### Input records

╭──

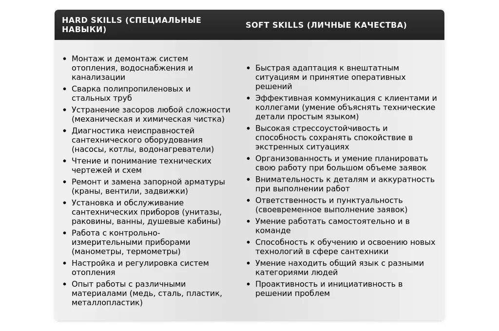 "Технические навыки: монтаж и демонтаж систем водоснабжения и отопления, сварка и резка металла, работа с электроинструментом, чтение чертежей и схем. Коммуникативные навыки: умение общаться с жильцами, работа в команде, умение быстро принимать решения в экстренных ситуациях."
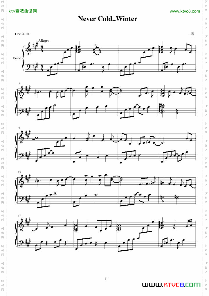 首页 > 器乐 > 钢琴曲谱 / 正文内容_NeverCold..Winter-零钢琴曲谱
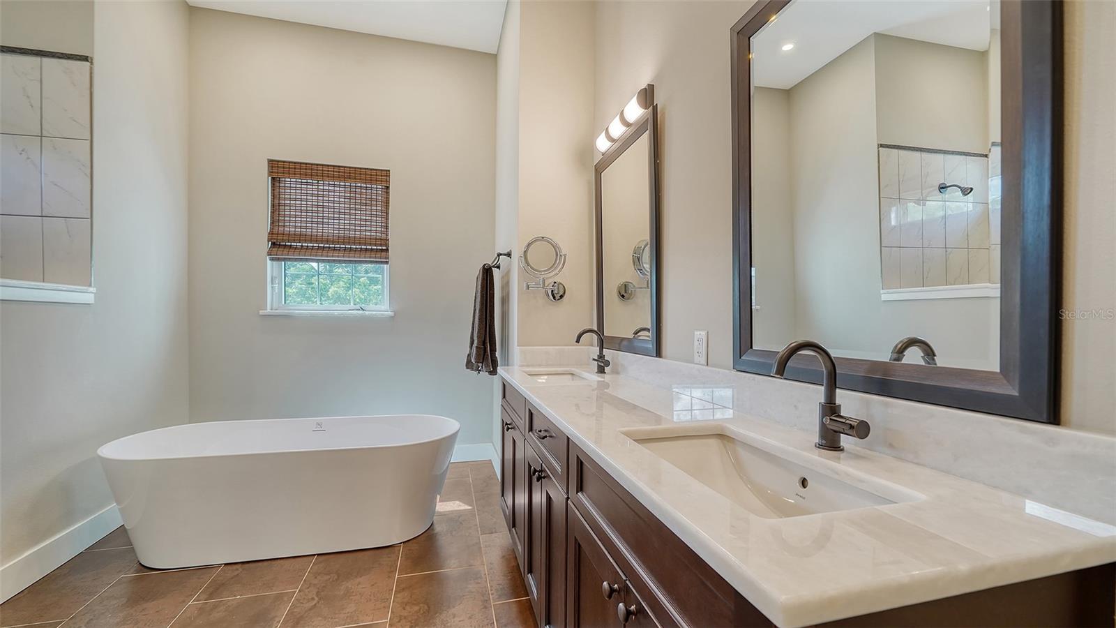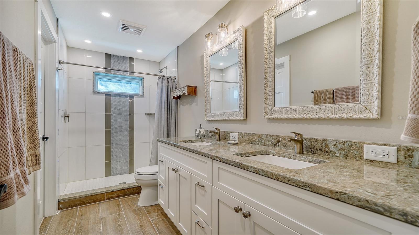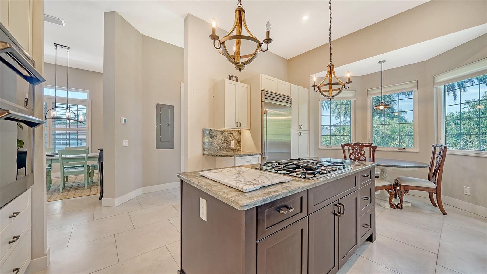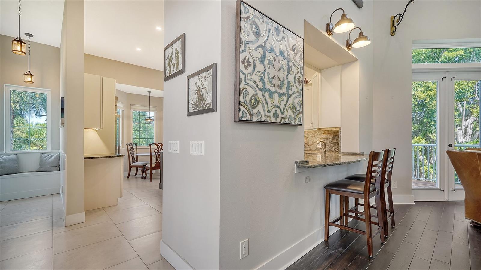Nestled in the coveted West of the Trail area, just half a mile from the beautiful Siesta Key, you'll discover this exquisite custom-built home from 2020, located on a very private dead-end street. This Key West-style residence spans 3,407 square feet and features 3 bedrooms, 3.5 baths, an office/den, and a 4-car garage. Additionally, a bonus room with a private entrance is situated on the ground floor. This stunning three-story home is constructed with solid concrete block and poured concrete, meeting hurricane codes of 2020. It boasts a durable metal roof, impact windows and many more features add to the home's exceptional quality and appeal. The front of the house boasts a 500-square-foot covered porch finished with hardy board siding and Trex decking. In the back, there's a 500-square-foot terrace, accessible from both the kitchen and living room, ideal for entertaining or dining. Upon entering, you’ll be welcomed by a stunning living room with a soaring 28-foot ceiling, offering breathtaking views of the natural landscape. The kitchen, featuring high-end appliances and a gas cooktop, opens to a spacious back deck, perfect for entertaining. The primary suite and office are conveniently located on the main floor. The third floor, open to the living room below, houses two additional en-suite bedrooms, a wet bar, a small office space, and a back terrace surrounded by nature. This unique layout seamlessly blends luxury and comfort, making it an ideal retreat.
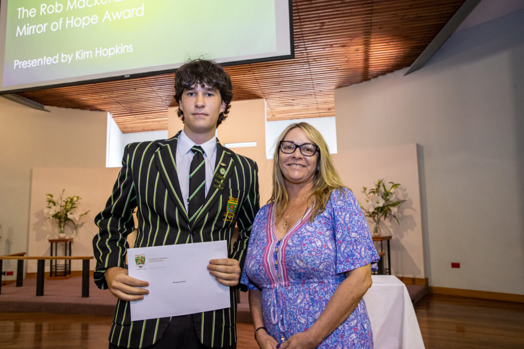 The 2023 award recipient is Year 12 student, George, presented by Mrs Kim Hopkins. George has been involved in rebuilding the Currumbin Special School’s community garden project. He has raised money to fund the materials for the project, build a wheelchair path and has also worked with indigenous elders to construct a yarning circle at the school.
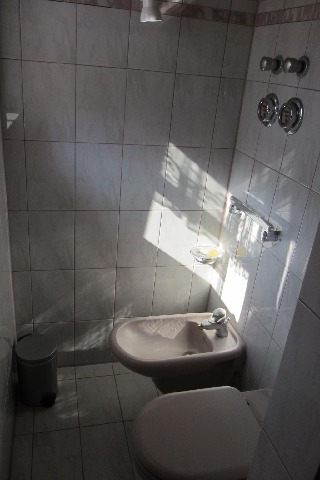 1 bedroom with double bed (2 metres long and 1.80 metres wide), TV, east-facing balcony; 1 bedroom with 2 single beds (2 metres long and 0.90 metres wide); bathroom with shower, washbasin and separate WC and bidet; pets: Dogs are not allowed in the flat.
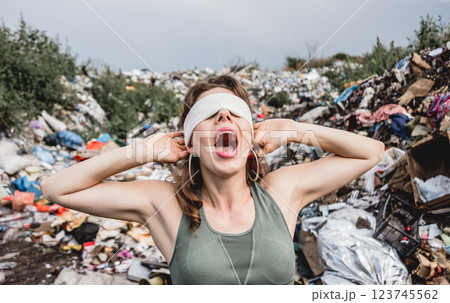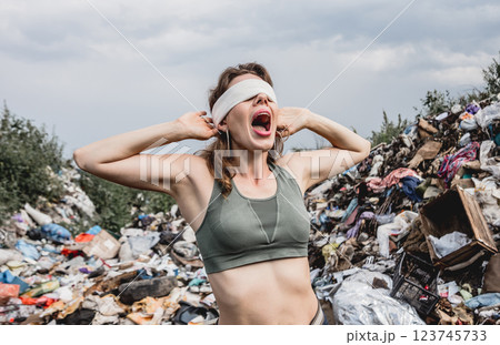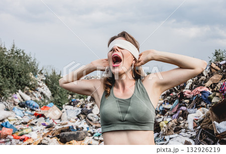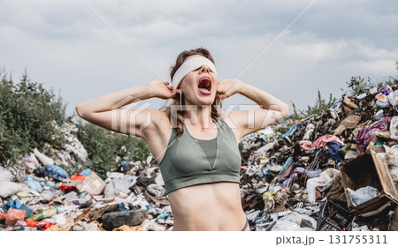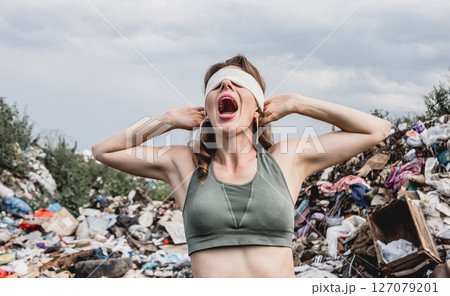 A blindfolded female volunteer screams from powerlessness in a dump of plastic
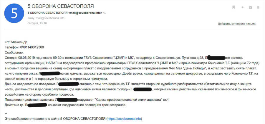 “Сегодня 08.05.2019 года около 09-30 в помещении ГБУЗ Севастополя “ЦЭМП и МК”, по адресу: г. Севастополь ул. Пугачева д.28, господин Л. (ФИО скрыто до окончания проверки, – прим. редакции), не являясь сотрудником организации, НАПАЛ на председателя профсоюзной организации ГБУЗ Севастополя “ЦЭМП и МК” и врача-психиатра Кононенко Т.Г. (женщине 72 года) в момент, когда она вещала на стенд информации плакат с поздравлением сотрудников с празднованием 9-го Мая “День Победы”, и хотел заставить снять плакат, на что получил отказ. Гр-н Л. начал кричать, выражаться нецензурно. Довёл врача, находящегося на суточном дежурстве, в результате чего Кононенко Т.Г. на скорой отвезли в 1-ю городскую больницу с сердечным приступом”.
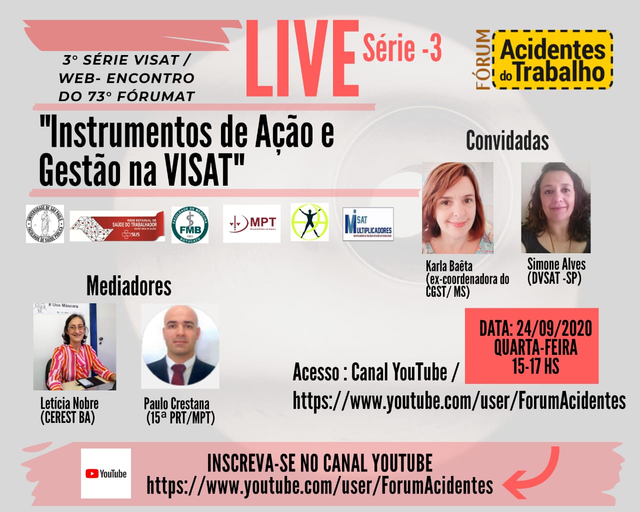 No dia 24/09 (quinta-feira), às 15h: iremos discutir as estratégias e resultados na área programática da Saúde do Trabalhador sob a perspectiva dos diferentes níveis de gestão. Com a participação das convidadas Karla Baêta (Ex- Coordenadora do CGST/ MS) e Simone Alves dos Santos (DVST-SP), e mediação de Letícia Nobre (CEREST Bahia) e dr. Paulo Crestana (15ª PRT/ MPT).
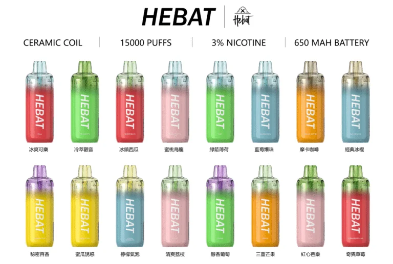 HEBAT 喜贝主打约15000口的高续航设计,远高于一般6000–10000口抛弃式电子烟,特别适合重度使用者或不想频繁更换设备的玩家。
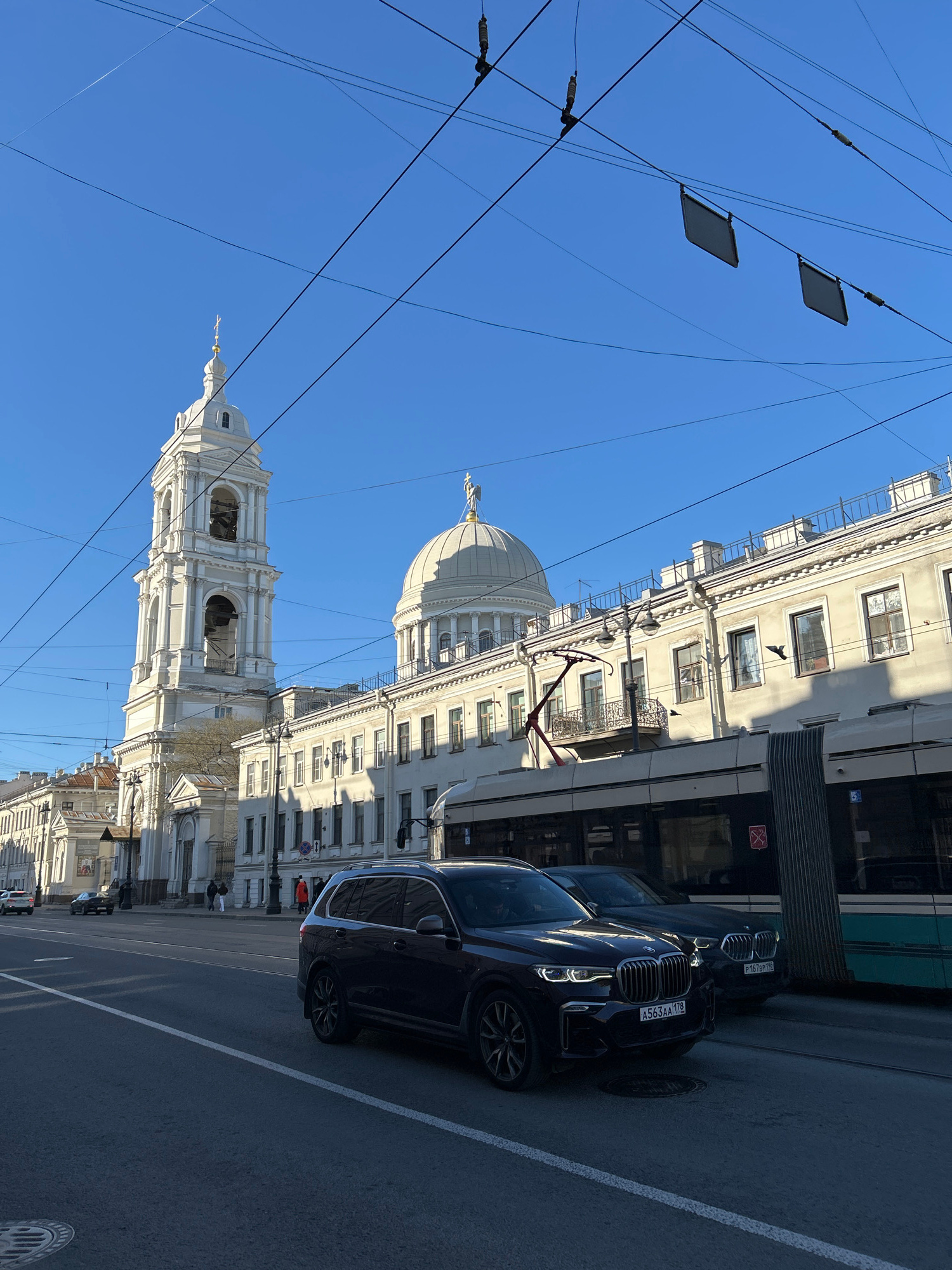 This image captures a bright, sunny urban street scene in Saint Petersburg, Russia. The primary subjects include a striking white architectural complex dominated by an ornate bell tower with arched o…read more
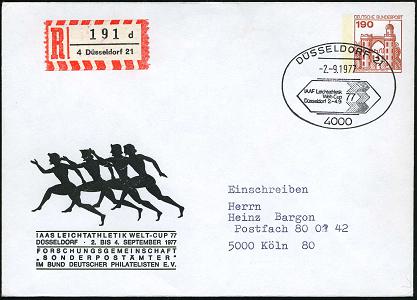 6254 | 18 € | 4000 Düsseldorf Sonderstempel : 4000 DÜSSELDORF 21/ IAAF Leichtathl./ Welt-Cup 77 1977 (2.9.) SSt auf PU 190 Pf.: IAAF-Leichtathletik-Welt-Cup (Mi.PU 120/2) Abb.: antike (Marathon)-Läufer + RZ: 4 Düsseldorf 21/d, klar gest. Inl.-R-Bf.! (Bo.536) | ![]() | |
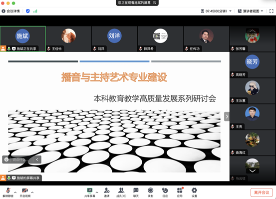 10月12日,广播电视艺术系全体教师在线开展了以“建设具有核心竞争力的国家级一流本科专业”为议题的本科教育教学高质量发展研讨会。会上广电系教师围绕媒介生态跃迁与播音主持开云电子(中国)官方网站_开云电子(中国)官方网站目标“升级”、构建支撑国家级一流专业建设的教学核心内容、建立符合本学科本专业教育特点的教学体系等问题展开了热烈讨论。最后老师们还热切表达了专业成长和终身学习的必要性。表示教师自身应树立勤学笃行、求是创新的躬耕态度;教学单位要搭建同行间交流经验的平台,定期组织研讨会、沙龙,邀请国内外知名学者分享最新研究成果;还应支持教学科研立项,鼓励教师开展与当前热点相关的课题研究;加强与产业界的联系,鼓励教师参与联合研发项目,丰富教学内容,践行真正的开放办学。
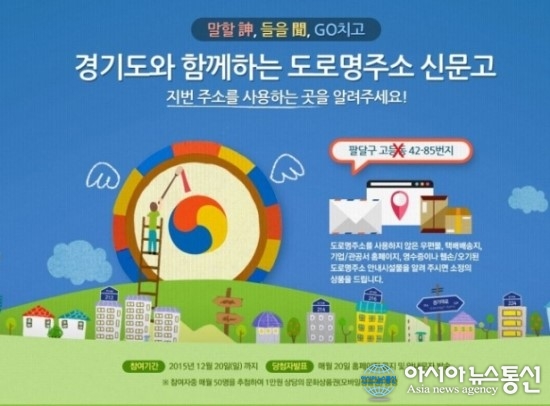 도는 지난해 3월부터 12월 말까지 10개월 간 도로명주소 신문고를 운영한 결과 총 1097명이 참여해 2만1693건의 제보가 접수됐다고 밝혔다./아시아뉴스통신DB 경기도가 도로명주소 정착을 위해 운영 중인 '도로명주소 신문고'에 지난해 접수된 제보가 2만 건을 넘은 것으로 확인됐다. 도... 2017-01-05
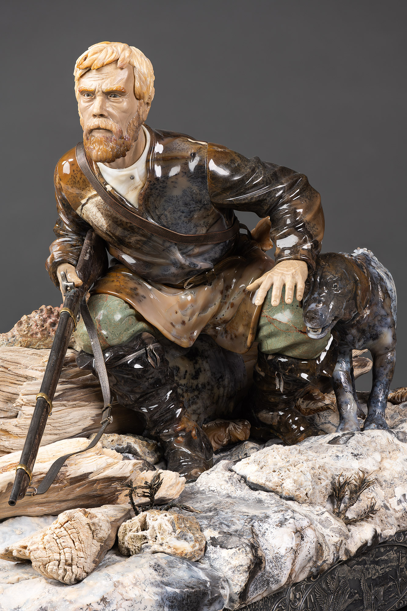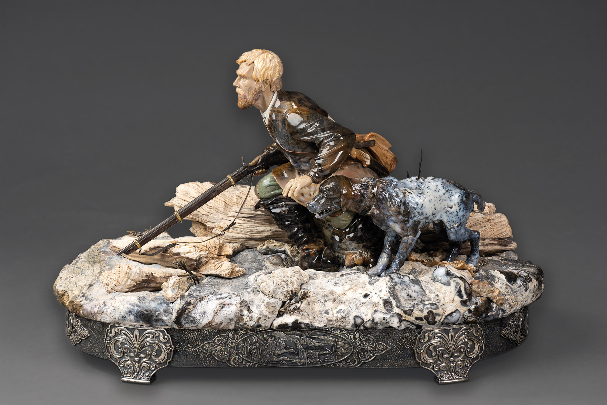 На овальной, с зернистой поверхностью, металлической подставке с четырьмя овальными медальонами с рельефным изображением пернатой дичи в камышах и накладными ножками с симметричным растительным орнаментом — фигура сидящего на стволе упавшего дерева светловолосого мужчины с бородкой, в стилизованном охотничьем костюме XIX века с длинноствольным ружьём в правой руке. У левого бока — фигура стоящей длинноухой собаки из минерала с пятнистым рисунком серо-голубых и коричневых тонов. В сложной по построению и цветовому решению композиции запечатлён момент напряжённого ожидания, подчёркнутый рельефностью вен на руке и неподвижностью пальца на курке ружья, позой готовой к поиску легавой. Повышенное внимание уделяется деталям костюма и особенно снаряжения. Тщательно воспроизводится внешний вид ружья, патронташа, кинжала в ножнах, ягдташа. Впечатление достоверности достигается благодаря грамотному подбору минералов, адекватно передающих фактуру и текстуру исходных материалов: дерева, кожи, металла, текстиля, шерсти животного.
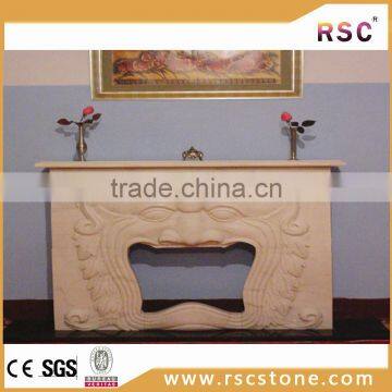 Indoor Used Lion Statue Beige Marble Fireplace Mantel
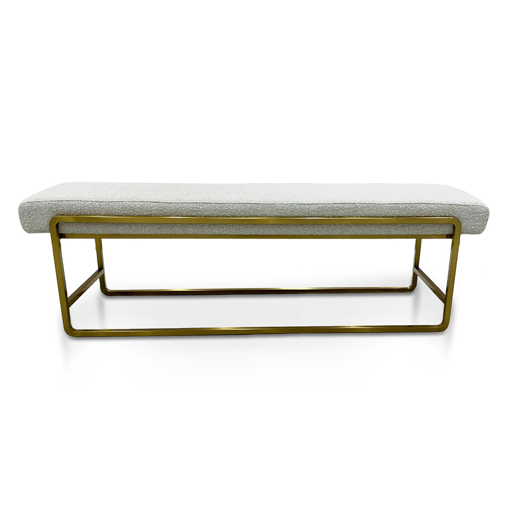 Enhance your living space with this stunning 1.52m Bench and experience the perfect blend of elegance and functionality.Pearl grey boucle polyester upholsteryStainless steel frame in a brushed gold finish with an oil coatingFoam cushion with web suspensionSoft-medium seat firmnessWeight Capacity: 150 kgProduct comes flat packed and requires minor assembly151.5cm (W) x 40.5cm (D) x 48cm (H) Seat: 151.5cm (W) x 37.5cm (D) x 48cm (H) Leg Height: 41.5cmBox 1/1: 154cmx43cmx27cm, 22kg, 0.1788cbm
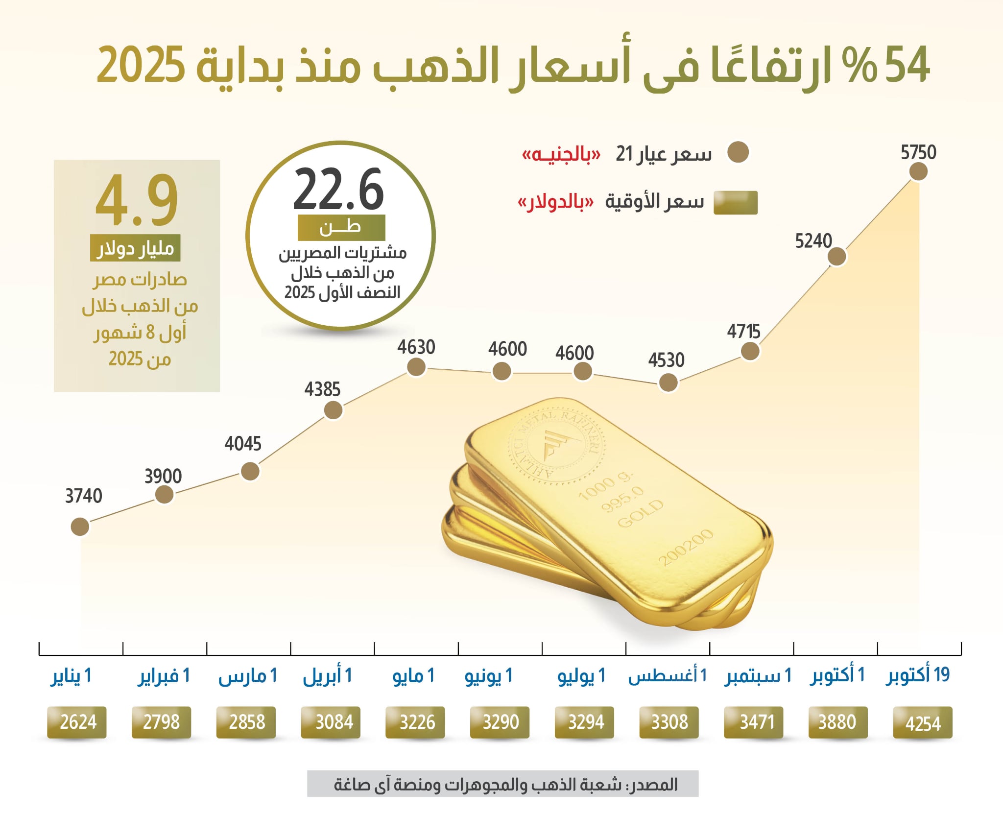 شهدت أسعار الذهب ارتفاعًا كبيرًا منذ مطلع عام 2025 بنسبة بلغت 54%، حيث صعد سعر جرام الذهب عيار 21 من 3740 جنيهًا في يناير إلى 5750 جنيهًا في 19 أكتوبر، بينما ارتفع سعر الأوقية عالميًا من 2624 دولارًا إلى 4254 دولارًا خلال الفترة نفسها.

╰──

### What to produce
Your copy should hold only the lines above from the one containing "6254 | 18 €" through the one containing "도는 지난해 3월부터", exactly as written and free of pictures.

### Response
 6254 | 18 € | 4000 Düsseldorf Sonderstempel : 4000 DÜSSELDORF 21/ IAAF Leichtathl./ Welt-Cup 77 1977 (2.9.) SSt auf PU 190 Pf.: IAAF-Leichtathletik-Welt-Cup (Mi.PU 120/2) Abb.: antike (Marathon)-Läufer + RZ: 4 Düsseldorf 21/d, klar gest. Inl.-R-Bf.! (Bo.536) | ![]() | |
 10月12日,广播电视艺术系全体教师在线开展了以“建设具有核心竞争力的国家级一流本科专业”为议题的本科教育教学高质量发展研讨会。会上广电系教师围绕媒介生态跃迁与播音主持开云电子(中国)官方网站_开云电子(中国)官方网站目标“升级”、构建支撑国家级一流专业建设的教学核心内容、建立符合本学科本专业教育特点的教学体系等问题展开了热烈讨论。最后老师们还热切表达了专业成长和终身学习的必要性。表示教师自身应树立勤学笃行、求是创新的躬耕态度;教学单位要搭建同行间交流经验的平台,定期组织研讨会、沙龙,邀请国内外知名学者分享最新研究成果;还应支持教学科研立项,鼓励教师开展与当前热点相关的课题研究;加强与产业界的联系,鼓励教师参与联合研发项目,丰富教学内容,践行真正的开放办学。
 도는 지난해 3월부터 12월 말까지 10개월 간 도로명주소 신문고를 운영한 결과 총 1097명이 참여해 2만1693건의 제보가 접수됐다고 밝혔다./아시아뉴스통신DB 경기도가 도로명주소 정착을 위해 운영 중인 '도로명주소 신문고'에 지난해 접수된 제보가 2만 건을 넘은 것으로 확인됐다. 도... 2017-01-05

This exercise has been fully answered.